THE PRIVILEGE OF EDITING—WHY EDITORS LOVE THEIR WORK (MOST OF THE TIME)!
Around the world, highly skilled and thoroughly trained people in a myriad of professions are entrusted with the safety and wellbeing of our loved ones, our health, our wealth, or even our lives. We entrust our children to the care of educators and carers; vets ensure the wellbeing of our pets; and many other professions including pilots, public transport drivers, car engineers, emergency service workers, chefs, etc., have responsibilities to keep us safe, healthy, and in some cases, alive. And it’s fair to say that while being entrusted with something as precious as life itself carries great responsibility, it is also a privilege to be endowed with that honour.
An editor is also entrusted with something precious. Okay, it mightn’t be quite as awe inspiring as saving someone’s life; then again, arguably editors have played an important role in the publishing of thousands of books over the years that have changed—or even saved—lives in one way or another.
When someone hands an editor their work, be it a fiction novel, a non-fiction book, an autobiography or a thesis, they expect us not only to handle it with care and respect, but also to enhance it. Understandably, they feel no small measure of concern when a project, which in some cases has taken months or even years to conceive, plan and write, is suddenly in the hands of a stranger, possibly someone you may never meet or even speak to in person.
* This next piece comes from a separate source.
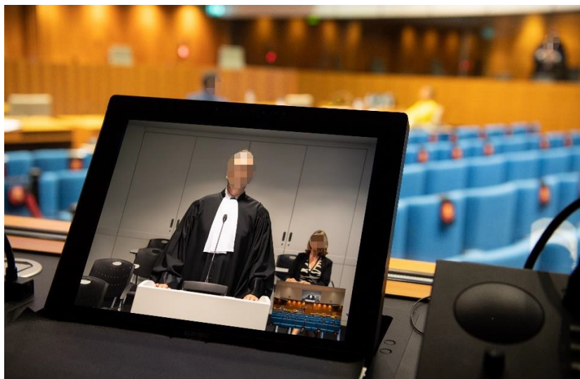
Vue du site distant sur l'écran des juges et des interprètes
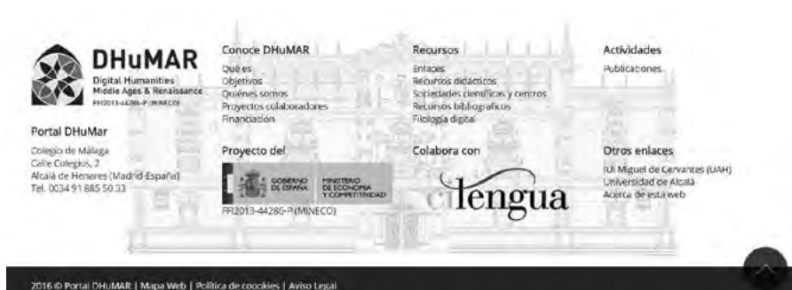
Fig. 5: Pie de página.

En el sub-apartado «Equipo» encontramos los Investigadores Principales del proyecto, los Investigadores y los miembros del Equipo de trabajo. Para agilizar la búsqueda aparecen unos recuadros con los nombres de cada uno, su afiliación, los enlaces principales y una fotografía (fig. 6). Al pinchar en el nombre, aparece una nueva página con un breve resumen de la trayectoria académica e investigadora de cada uno de los integrantes del proyecto (fig. 7).

This is why I believe that being an editor is a privilege. I feel honoured when someone approaches me with their blood, sweat and tears, and then following discussions, possibly a sample edit, and negotiation of a price, they entrust it to me to improve it—whether it be a structural or developmental edit, a copy edit, or simply a proofread. The hope is that whatever the client seeks to achieve, whether it be success as a published author, a better mark for their academic thesis, or simply seeing a very personal project come to fruition (not everyone writes to be published), I have played a key role in helping them achieve that objective.
Again, with privilege comes responsibility. I take my work very seriously. Editors are inherent perfectionists, but a good editor is also respectful, tactful, yet realistic and frank. A good editor encourages clients to improve their writing, brings stories to life, but at the same time retains their writer’s voice. A good editor is able to shine a light into a dark, forgotten corner of a manuscript and ask, “What’s happening there?”
Like most editors, I tend to grumble about how undervalued I am (as ‘words’ people rather than ‘numbers’ people, we are often our own worst enemies when it comes to money). I also become frustrated at the general lack of understanding of what an editor actually does, and the various levels of editing – which is why it’s explained on my website! To many people, we are ‘proofreaders’ and certainly, proofreading is an important part of editing, but I often have to explain we need to ‘back up’ a bit before we get to that stage.
So, fellow editors, let’s remind ourselves how lucky we are to be in the ‘business of words’. As long as people read, people will write, and as long as people write, people will read (is that a chicken-egg scenario or what?). This means, we are indispensable! Some argue that in time, human editors will be completely replaced by software programs. “Ye shall all be redundant!” I disagree. Sure, man-made programs can assist us with our work, but they will never replace the acuity and instinct of the human brain and a sharp pair of eyes, nor will they ever fully comprehend all the nuances, intricacies and idiosyncrasies of the world’s languages; English, in particular!
Like any profession, being an editor has its vicissitudes and, like any profession, the occasional odious or unscrupulous client can be disheartening, but to me, being an editor is the best thing since thin-sliced prosciutto. I thank God every day that thanks to parenthood, my career stalled, and then somehow meandered to the point where I decided the next logical step was to become an editor. I only wish I had discovered this ‘calling’ ten or better still, twenty years earlier. Nevertheless, I shall enjoy spending the rest of my working days helping people with their written word. It’s a passion, and it’s definitely a privilege.
Editors: Do you consider editing to be a privilege? I’d love to hear your thoughts.